Di balik gerakan desa ini, ada keterlibatan langsung dari mahasiswa dan mahasiswi Universitas Muhammadiyah Surabaya yang tengah menjalani program KKN Mandiri 2. Mereka berperan aktif dalam mendampingi BUMDes Bhakti Raharjo, mitra lokal yang menjadi penggerak utama pengolahan FABA di desa tersebut.
Program ini merupakan bagian dari inisiatif Tanggung Jawab Sosial dan Lingkungan (TJSL) dari PT PLN (Persero) melalui PLN Peduli, yang menggandeng Danantara Indonesia sebagai mitra pelaksana. Dukungan diberikan dalam bentuk pengembangan workshop, mesin produksi paving, hingga sarana dan prasarana pendukung.
Pada minggu pertama pelaksanaan, para mahasiswa KKN turut hadir dalam seremoni penyerahan bantuan TJSL kepada desa. Tidak hanya menjadi peserta, mereka juga terlibat dalam dokumentasi dan membantu kelancaran jalannya kegiatan.
Memasuki minggu berikutnya, mereka mulai turun langsung ke lapangan untuk melakukan observasi proses produksi paving, berdiskusi dengan operator dan pengelola workshop, serta mengumpulkan data teknis. Informasi tersebut kemudian mereka susun menjadi panduan edukatif sederhana untuk membantu keberlangsungan produksi ke depan.
“Kami senang bisa ikut serta dalam program ini. Dari lapangan kami belajar bahwa limbah pun bisa membawa harapan jika dikelola dengan baik. FABA yang dulunya dibuang, sekarang bisa dimanfaatkan jadi produk bernilai dan ramah lingkungan,” ujar salah satu mahasiswa peserta KKN.
FABA sendiri kini tak lagi masuk dalam kategori limbah B3, sehingga legal untuk dimanfaatkan. Dengan mengolahnya menjadi paving, desa tak hanya mengurangi residu dari pembangkit listrik, tapi juga menciptakan ekonomi sirkular berbasis desa.
Melalui keterlibatan aktif ini, para mahasiswa membuktikan bahwa KKN bukan sekadar kewajiban akademik, melainkan ruang kolaborasi untuk mendukung pembangunan desa secara nyata.
Lokasi, Waktu Pelaksanaan, Pemateri dan Tujuan Proker
Lokasi Kegiatan:
BUMDes Bhakti Raharjo, Desa Sumberrejo, Kecamatan Paiton, Kabupaten Probolinggo
Waktu Pelaksanaan:
Juli – Agustus 2025 (dalam rangka KKN Mandiri 2 Universitas Muhammadiyah Surabaya)
Obyek Pelaksana:
Workshop Produksi Paving Berbahan Limbah FABA (Fly Ash Bottom Ash) dari PLTU Paiton
Pemateri / Pendamping Teknis:
Tim BUMDes Bhakti Raharjo & Operator Produksi
(TJSL didampingi oleh PLN Peduli dan Danantara Indonesia)
Tujuan Proker:
Mendampingi dan mendokumentasikan proses produksi paving dari FABA, menyusun panduan edukasi untuk operasional workshop, serta membangun sinergi antara mahasiswa, BUMDes, dan masyarakat.

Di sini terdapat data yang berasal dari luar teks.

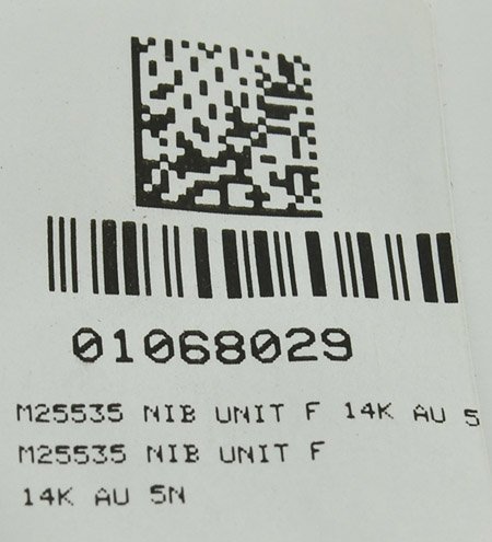 Product Name Montblanc 144 nib unit ... part number 01068029 according to the sticker on one of the nib units, though we think the last digit is specific to an individual nib size. The Montblanc 144 is a cartridge/converter filled model, and the nib units are configured for this method and not a piston filled pen.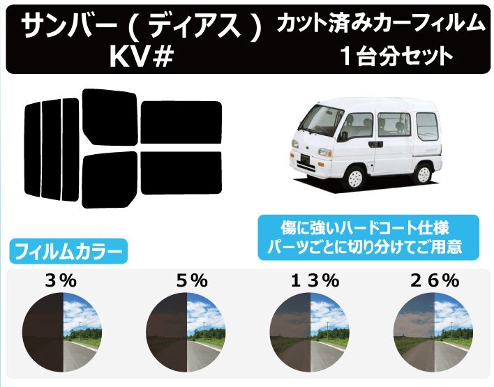 | 商品名稱 : | 【ノーマルスモーク透過率3%】スバル サンバーディアス (KV3/KV4) カット済カーフィルム リアセット |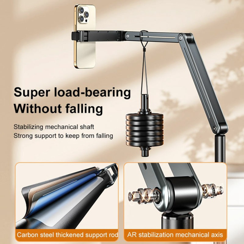 Der Boneruy Bodenständer ist die ideale Lösung für Streaming, Online-Unterricht oder freies Videoschauen. Sein um 360° drehbares Design und die von 51 bis 101 cm einstellbare Höhe bieten optimalen Komfort, egal ob Sie liegen, sitzen oder stehen. Hergestellt aus einer Aluminiumlegierung, Karbonstahl, Kunststoff und Silikon, sorgt er für Stabilität und Haltbarkeit. Sein verstellbarer Arm bietet Platz für zwei Telefone gleichzeitig oder einen Tablet-PC in horizontaler oder vertikaler Ausrichtung. Zusammenklappbar und elegant passt er sich allen Umgebungen und alltäglichen Nutzungen an.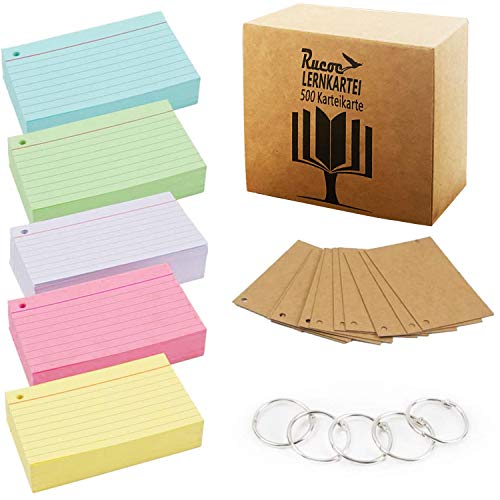 Lot de 500 cartes d''apprentissage, à carreaux, 9 x 5,5 cm,...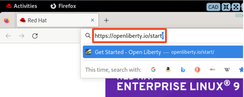 Type the URL as: https://openliberty.io/start/ and press Enter.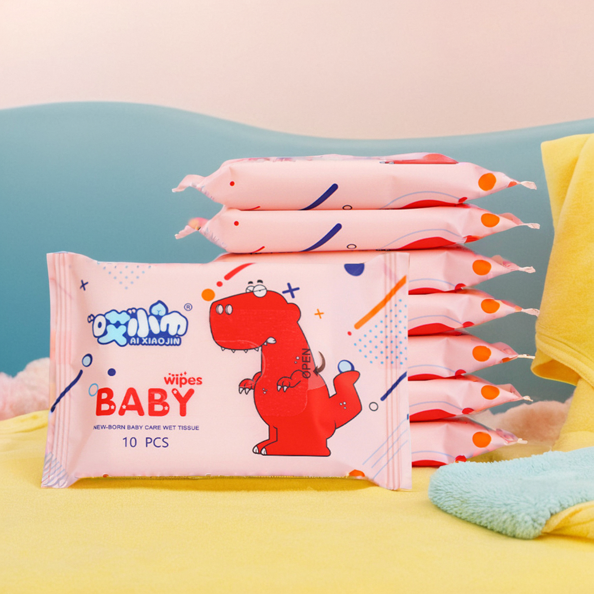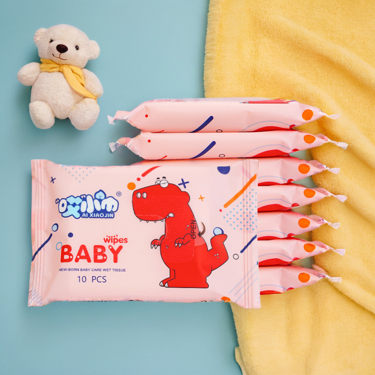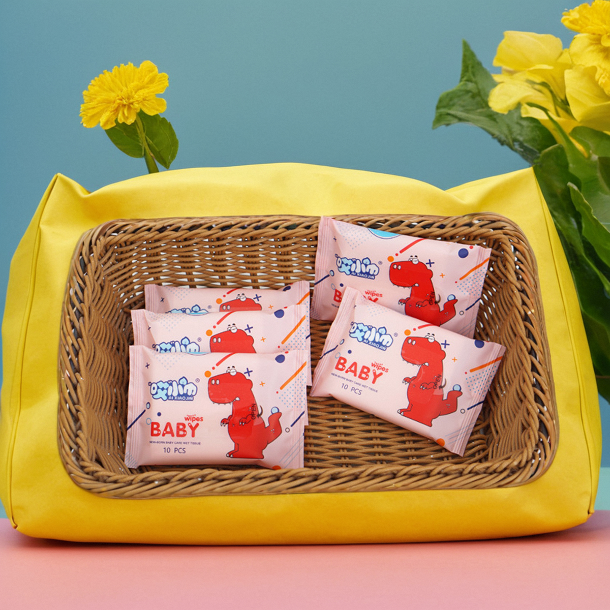 Cartoon Dragon Pattern 10-pack Wet Wipes Disposable Soft Skin-friendly for Children quantity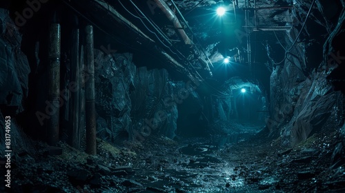 Underground mine shaft with glowing lights, ample text space, dramatic lighting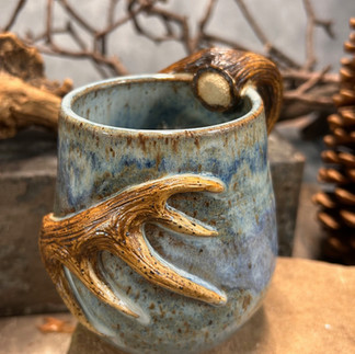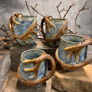 After weeks of testing glazes, late nights in the studio, and moments of frustration mixed with discovery, the final mugs came together exactly as I had pictured them: a flowing, light blue glaze with rich movement across the surface, paired with a deep brown antler handle that wraps around the mug like a piece of the wilderness itself.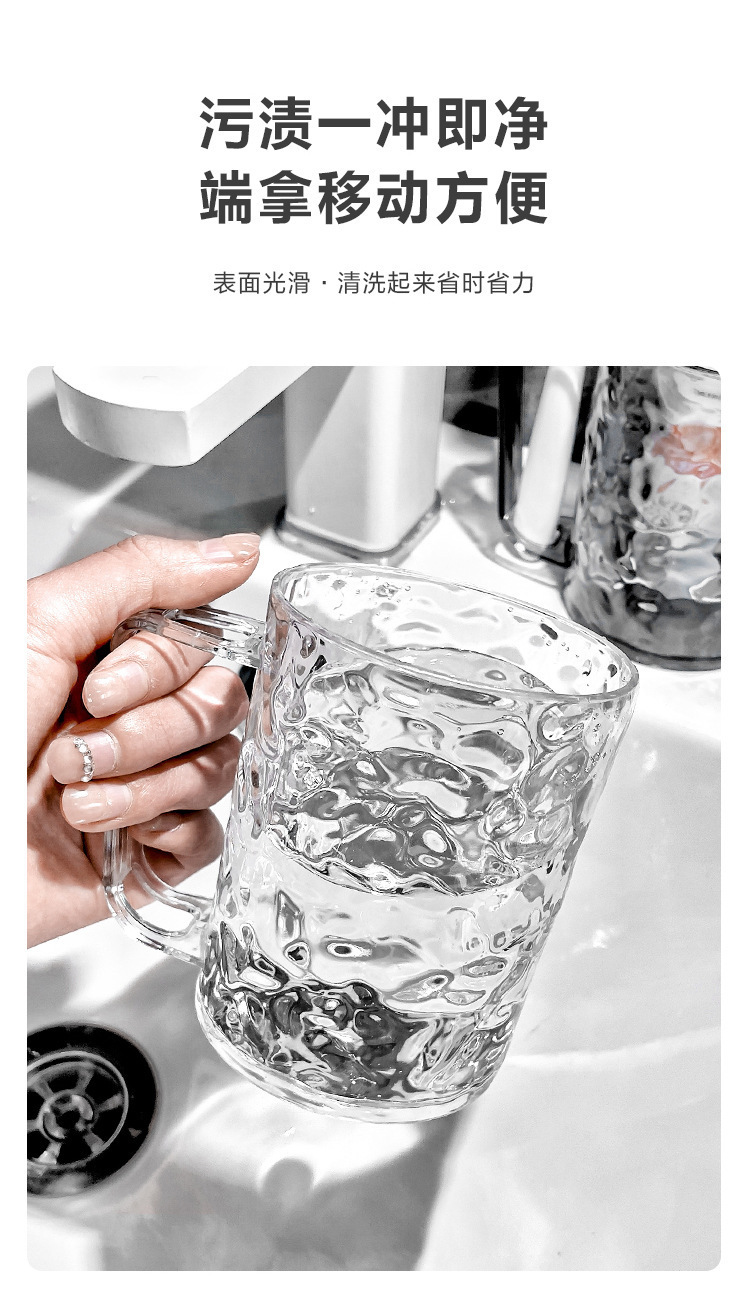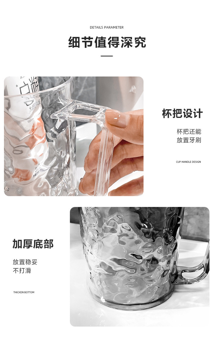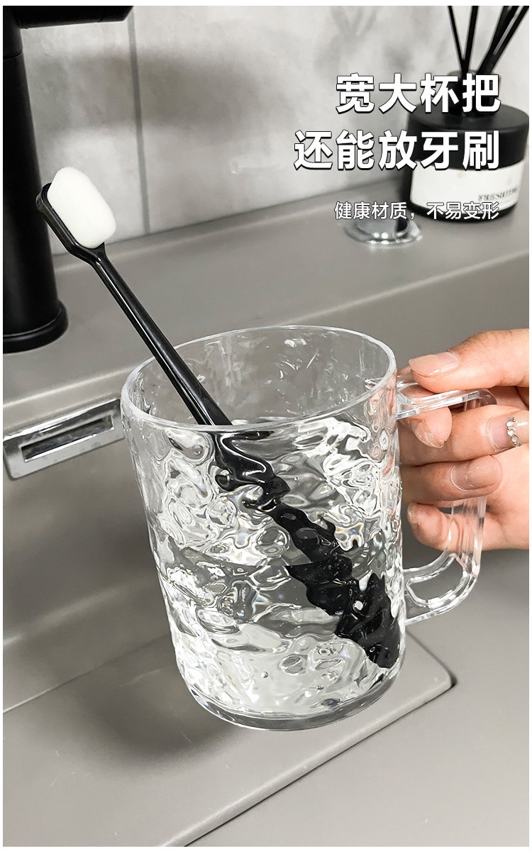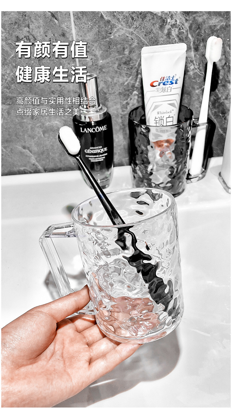 Taza de enjuague de agua ondulada doméstica con mango, taza de cepillo de dientes de alto valor visual, taza de plástico transparente portátil para inodoro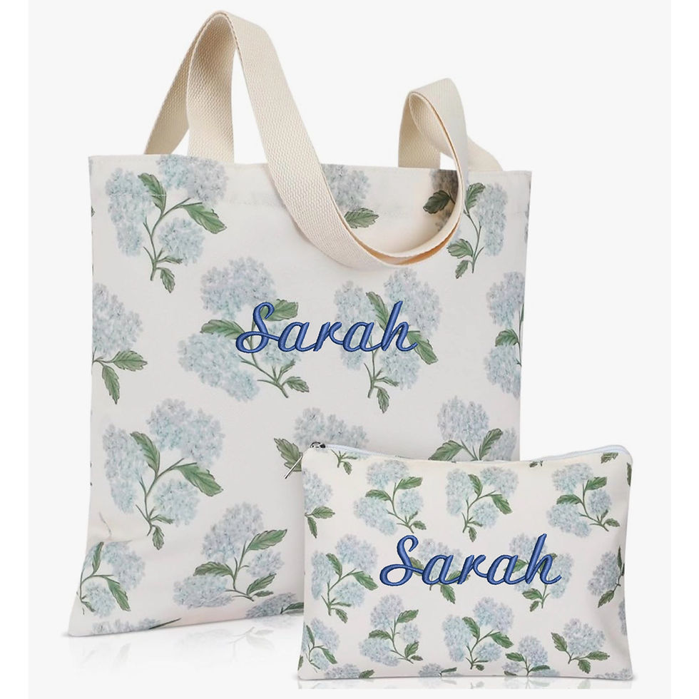 Personalized Floral Hydrangea Tote Bag & Cosmetic Pouch Set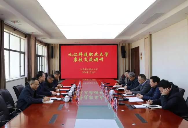 3月10日上午,九江科技职业大学校长叶常林来江西职业技术大学交流调研。学校党委书记刘小强会见了叶常林一行,副校长卢致俊出席交流座谈会。规划处、教务处、双高办、校企合作中心等部门负责人参加。

Proses Pelaksanaan Pembuatan Paving FABA:
Limbah Fly Ash dan Bottom Ash dari PLTU Paiton disaring untuk memisahkan partikel halus dari kerikil atau benda asing.
FABA dicampur dengan semen, pasir, dan sedikit air menggunakan takaran khusus agar menghasilkan campuran homogen.
Campuran dimasukkan ke dalam mesin cetak paving. Mesin akan memadatkan dan membentuk paving sesuai ukuran yang ditentukan.
Paving yang baru dicetak diletakkan di rak susun untuk proses pengeringan alami selama ±24 jam agar tidak retak.
Setelah itu, paving direndam dalam air selama beberapa hari untuk proses curing agar kekuatannya maksimal.
Paving dikeringkan kembali hingga benar-benar siap digunakan atau dipasarkan.